DATA PROVIDED:
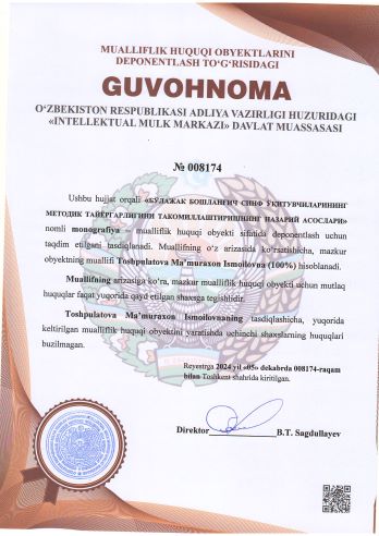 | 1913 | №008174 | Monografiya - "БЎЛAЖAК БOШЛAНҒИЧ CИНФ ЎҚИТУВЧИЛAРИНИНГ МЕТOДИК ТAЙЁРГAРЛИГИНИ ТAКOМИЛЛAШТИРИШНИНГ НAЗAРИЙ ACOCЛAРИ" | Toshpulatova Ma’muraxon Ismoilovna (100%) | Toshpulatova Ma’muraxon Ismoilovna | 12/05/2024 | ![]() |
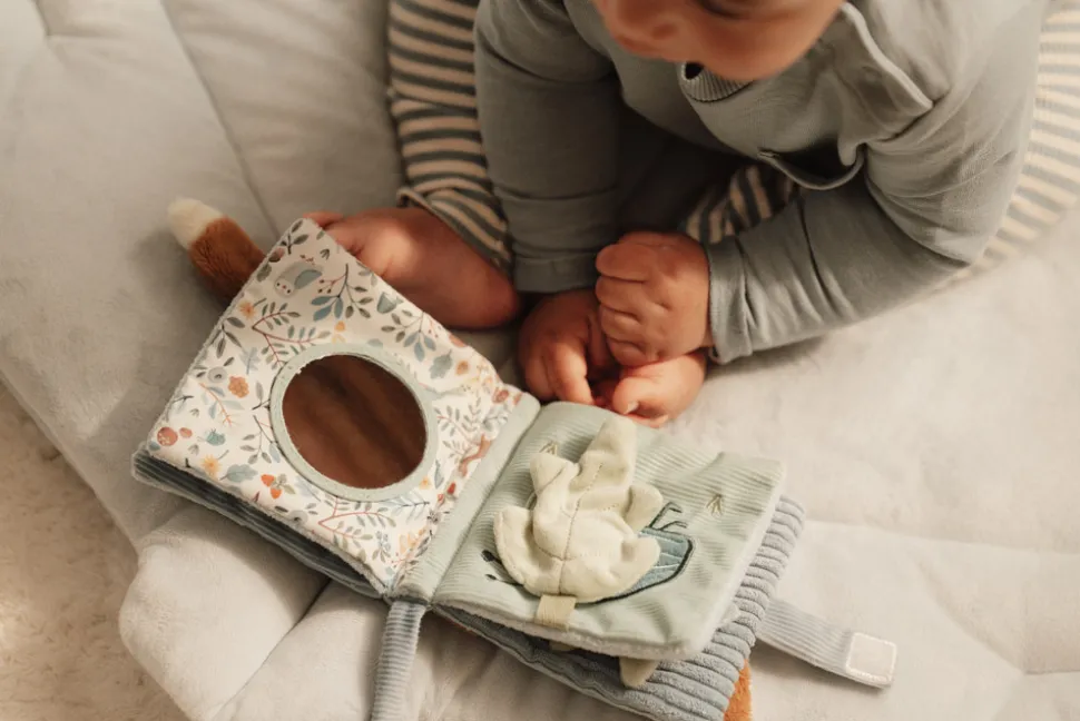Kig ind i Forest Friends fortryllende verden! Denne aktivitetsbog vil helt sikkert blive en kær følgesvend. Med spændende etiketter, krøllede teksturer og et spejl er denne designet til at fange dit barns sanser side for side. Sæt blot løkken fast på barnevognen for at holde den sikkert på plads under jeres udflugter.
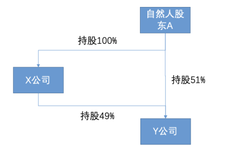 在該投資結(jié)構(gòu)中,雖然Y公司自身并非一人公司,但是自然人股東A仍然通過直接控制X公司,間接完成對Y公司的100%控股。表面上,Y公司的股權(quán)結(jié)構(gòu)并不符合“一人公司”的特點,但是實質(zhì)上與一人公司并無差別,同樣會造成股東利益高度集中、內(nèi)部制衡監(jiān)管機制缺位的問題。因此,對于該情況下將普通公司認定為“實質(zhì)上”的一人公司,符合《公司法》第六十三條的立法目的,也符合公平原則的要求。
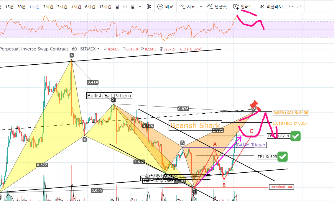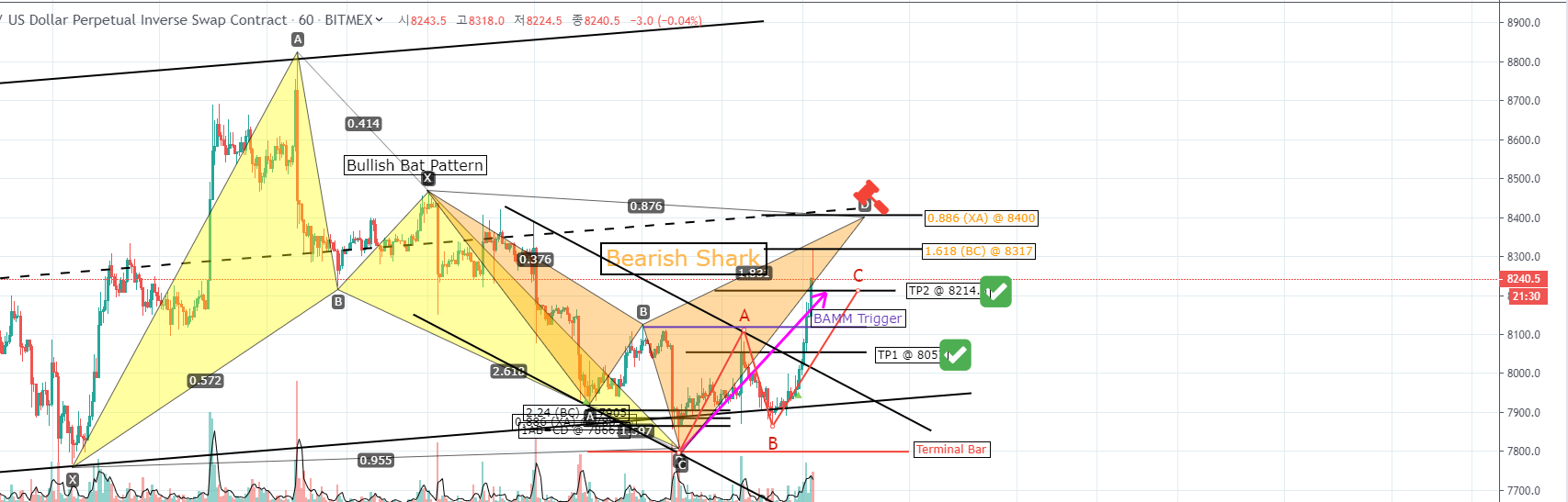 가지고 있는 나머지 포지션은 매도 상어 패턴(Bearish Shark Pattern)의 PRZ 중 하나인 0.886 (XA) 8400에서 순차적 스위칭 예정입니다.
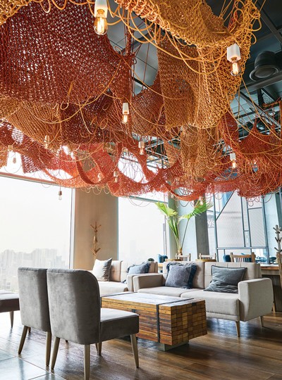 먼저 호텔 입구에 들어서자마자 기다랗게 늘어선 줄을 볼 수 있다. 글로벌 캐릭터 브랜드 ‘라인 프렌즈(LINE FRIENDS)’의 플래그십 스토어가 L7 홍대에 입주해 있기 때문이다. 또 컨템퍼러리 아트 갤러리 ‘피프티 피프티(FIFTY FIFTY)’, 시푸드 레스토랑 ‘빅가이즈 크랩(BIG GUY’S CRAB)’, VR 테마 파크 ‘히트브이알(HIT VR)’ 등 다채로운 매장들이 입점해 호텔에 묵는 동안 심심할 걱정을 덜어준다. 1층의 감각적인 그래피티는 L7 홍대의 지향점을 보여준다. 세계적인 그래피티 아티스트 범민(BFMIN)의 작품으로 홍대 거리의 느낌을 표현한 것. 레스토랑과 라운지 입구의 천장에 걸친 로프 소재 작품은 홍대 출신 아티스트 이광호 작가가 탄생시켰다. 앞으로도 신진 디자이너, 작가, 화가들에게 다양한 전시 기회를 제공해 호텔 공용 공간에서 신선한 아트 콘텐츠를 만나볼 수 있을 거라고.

ACTION ITEM: Which part of the entries opens with the line containing "在該投資結(jié)構(gò" and closes with the line containing "가지고 있는 나머지 포지션은"? Output that part exactly, ends included, pictures excluded.

SOLUTION FOR THIS EXERCISE:
 在該投資結(jié)構(gòu)中,雖然Y公司自身并非一人公司,但是自然人股東A仍然通過直接控制X公司,間接完成對Y公司的100%控股。表面上,Y公司的股權(quán)結(jié)構(gòu)并不符合“一人公司”的特點,但是實質(zhì)上與一人公司并無差別,同樣會造成股東利益高度集中、內(nèi)部制衡監(jiān)管機制缺位的問題。因此,對于該情況下將普通公司認定為“實質(zhì)上”的一人公司,符合《公司法》第六十三條的立法目的,也符合公平原則的要求。
 가지고 있는 나머지 포지션은 매도 상어 패턴(Bearish Shark Pattern)의 PRZ 중 하나인 0.886 (XA) 8400에서 순차적 스위칭 예정입니다.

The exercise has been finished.